Ray Murphy, managing director at Intersped Logistics, said a customer had ordered 23 tonnes of cable but then discovered it was manufactured in Egypt, meaning it didn’t have enough U.K or EU content to qualify for zero-tariff treatment. It would have attracted a 3% tariff on arrival in Greece and the order was canceled, Murphy said.
“There’s a lot of shock among people at the moment,” Murphy said, whose 20-employee firm moves road freight into the EU. Murphy said a shipment was stuck in Italy because the U.K. importer didn’t have an EORI number, a requirement for post-Brexit trade.
“There are many disgruntled people out there,” he said, “and we’ve not even got to what would be a busy period.”
Source: Joe Mayes|Bloomberg
The food and drink industry has raised serious concerns about the new EU-UK trade deal because businesses face punitive tariffs on goods from the bloc processed at British distribution hubs that are re-exported to member states.
HMG has responded to the article by referring to use of other procedures, like transit. This is correct and can help some of these flows, however not all. It depends on how the industry has organized the spcific value chains and the supply chain. Secondly, unfortunately there are not enough simplifications available for the transit procedure since HMG for various reasons has been slow approving ’authorised consignee/consignor” permits. This means that transit movements need to start and end at customs offices instead of at the premises of approved companies (my comment)..
Industry bodies on both sides of the Channel have warned that the so-called “rules of origin” chapter of the deal effectively blocks existing supply chains, and have urgently raised the issue with both the UK government and the European Commission.
Dominic Goudie, the head of international trade for the UK’s Food and Drink Federation, said the group was “very concerned about the implications of rules of origin for food and drink suppliers in both the EU and UK”.
“Goods shipped to distribution hubs in Great Britain face the payment of full EU tariffs when they return to the EU and as a result, suppliers are being forced to cancel the delivery of products to customers in Ireland,” he said.
But an EU official warned that some businesses would have to adapt their operations given the new regime. “You can’t expect Brexit not to have consequences,” said the official. “The UK won’t be a distribution hub for the EU any more.
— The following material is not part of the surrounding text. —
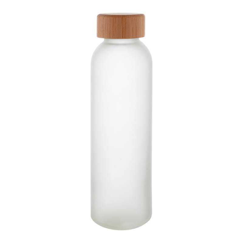 Fľaša z matného skla s bambusovým uzáverom, 500 ml. Nevhodné pre sýtené nápoje.
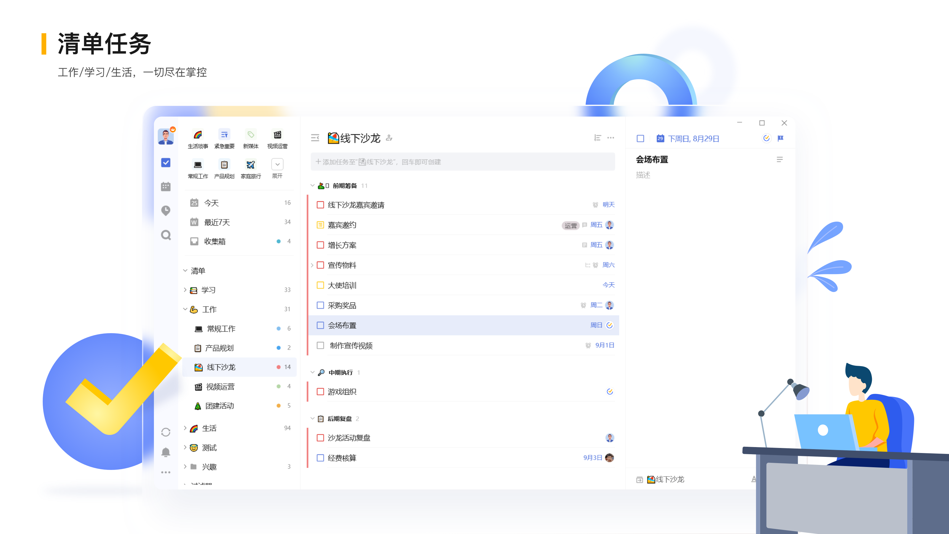 1、列表:在列表视图中,内容会以三栏的形式呈现,逻辑层次一目了然。第一栏是列表分类,方便你管理和分类任务。第二列显示任务列表,帮助您快速浏览每项任务及其日程。第三列是任务细节区,在这里你可以添加注释,插入图片,甚至用Markdown语法创建。

EU businesses will need to stop relying on UK hubs.”
A person familiar with internal Whitehall discussions said that Defra, the UK’s food and agriculture ministry, had confirmed assessments given in legal advice to industry on the issue.
UK industry concerns have been echoed in the EU. One major producer, who asked not to be named, said that the issue affected 25 to 30 of its trucks a week containing EU-finished goods that had been split at a GB warehouse en route to Dublin.
Muriel Korter, the director-general of the EU’s association of chocolate, biscuits and confectionery (Caobisco) said it had contacted the EU authorities to seek an “immediate solution” to the issue.
“Our EU-UK supply chains are so interdependent . . . especially businesses that have factories across the Channel and use the facilities to store goods and re-ship them,” she added.
The problem has started to hinder food importers in Ireland. “Companies are beginning to raise this across the industry,” said Paul Kelly, director of Food Drink Ireland, the main lobby group for the sector. “There’s still a lot of clarity that needs to be brought to the issue so people can make any necessary changes to their supply chain.”
Trade experts said the problem had arisen because the basic, Canada-style trade deal sought by the UK did not take into account the integration of supply chains and close proximity of the UK to the EU.
Under the terms of the UK-EU Trade and Co-operation Agreement, goods must “originate” in the EU or the UK in order to qualify for zero tariff treatment.